В корпусе основном, монументальном здании постройки тридцатых годов, обитали классики: Райзман в одном крыле, Юткевич - в другом, каждый в своей постоянной комнате. Райзман, известный своей методичностью, прогуливался по дорожкам в одни и те же часы и, проходя мимо, заглядывал к нам с Марленом. А вечером появлялся Галич с гитарой и публикой, которую он собирал и тащил к нам. Сидели обычно допоздна, просыпались с тяжелой годовой. Когда мы ухитрялась работать и как оно получилось, что сценарий был придуман и написан за месяц, для меня до сих пор загадка.

Помню, не могли начать. Спорили. Марлен Мартынович упрям не только с властями. Он человек, живущий настоящей минутой, но проживающий ее с такой интенсивностью и затратой души, что хватило бы на день. Если вы хотите его в чем-то переубедить, приходите завтра. Если он обижен на вас, знайте: он страдает. Случались у нас ситуации, когда сакраментальное "тутуц-джан" шло в ход то с одной, то с другой стороны.

Он долго еще оставался во власти "Заставы Ильича". Я нередко наблюдал это у режиссеров: картина забирает человека настолько, что он не может из нее выйти. С Райзманом мы начинали в 1970 году "Визит вежливости" после его картины "Твой современник", и я только и слышал: побольше публицистики! У самого Хуциева завод в "Заставе Ильича" - продолжение завода из "Весны на Заречной улицы", и "Застава" поначалу была похожа на "Весну", и лишь с приходом Шпаликова, как мне рассказывал сам Марлен, страница эта была наконец перевернута, пришла новая реальность, ее принес сценарист. Я не вижу в этом ничего обидного для режиссера и, думаю, не преувеличу собственных заслуг, если скажу, что и в новой работе роль сценариста в том и заключалась, чтобы принести еще не освоенный материал. В данном случае я убеждал моего друга, что героям не двадцать лет, как он предполагал, а целых тридцать, то есть тот возраст, когда человек уже платит по каким-то счетам, что-то уже состоялось, и это, может быть, самое интересное, о чем мы могли бы поведать миру... Спор наш, продолжавшийся достаточно долго, разрешился по обоюдному согласию "третейским судьей" - им оказался общий наш друг Александр Володин. "Тридцать",- сказал он, и мы сели работать.

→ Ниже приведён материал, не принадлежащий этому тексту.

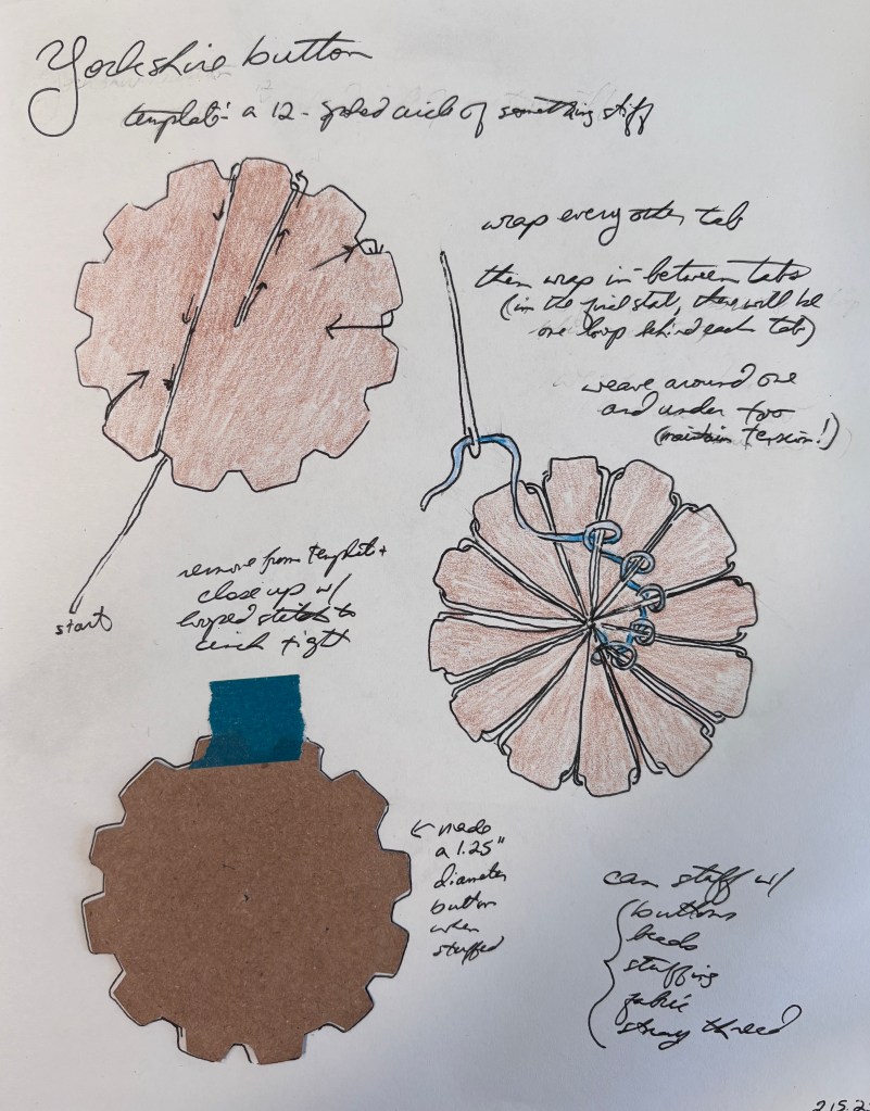 I’ve wanted an excuse to make buttons out of thread for ages. I did something inspired by these videos on how to make a Yorkshire button and how to modify that process to make a stuffed sort of bobble.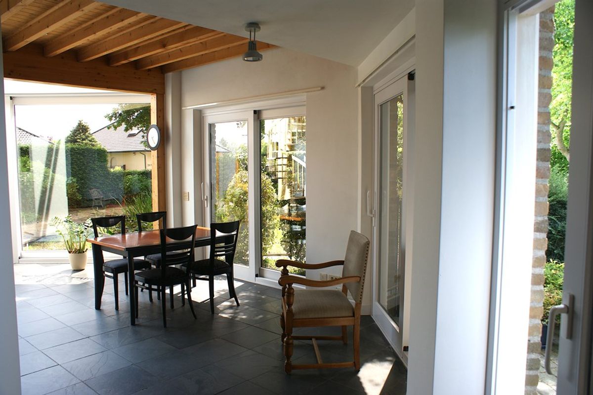 Vanuit de keuken stap je zo het ruime terras op, waar je kunt genieten van lange zomeravonden. Daarnaast beschikt de tuin over een tweede terras, een grasveld met fruitbomen en volop ruimte voor ontspanning, spel of zelfs het realiseren van een zwemvijver.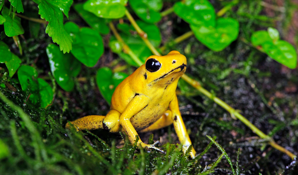 Der Schreckliche Pfeilgiftfrosch (Phyllobates terribilis) ist eine der giftigsten Amphibienarten der Welt und gehört zur Familie der Baumsteigerfrösche (Dendrobatidae). Diese kleine Froschart ist durch ihre leuchtend gelbe Färbung und glatte Haut charakterisiert, wobei einige Individuen auch grünliche oder orange Farbtöne aufweisen können. Der Schreckliche Pfeilgiftfrosch hat eine Körperlänge von etwa 3 bis 5 Zentimetern und lebt in den tropischen Regenwäldern der westlichen Andenregion Kolumbiens.

Год спустя Марлен Мартынович говорил в своих интервью, что "Июльский дождь" - вторая часть задуманной им дилогии. Если первая называлась "Мне двадцать лет" (название, под которым "Застава Ильича" вышла в прокат), то вторую с успехом можно было бы назвать "Мне тридцать лет". Меня это нисколько не обидело, скорее обрадовало: без такого "присвоения" идеи, чьей бы она ни была, режиссер не может снимать картину. В ней все должно быть выстрадано им самостоятельно, присвоено, да, конечно. Те, кто этого не понимает, не должны идти в сценаристы.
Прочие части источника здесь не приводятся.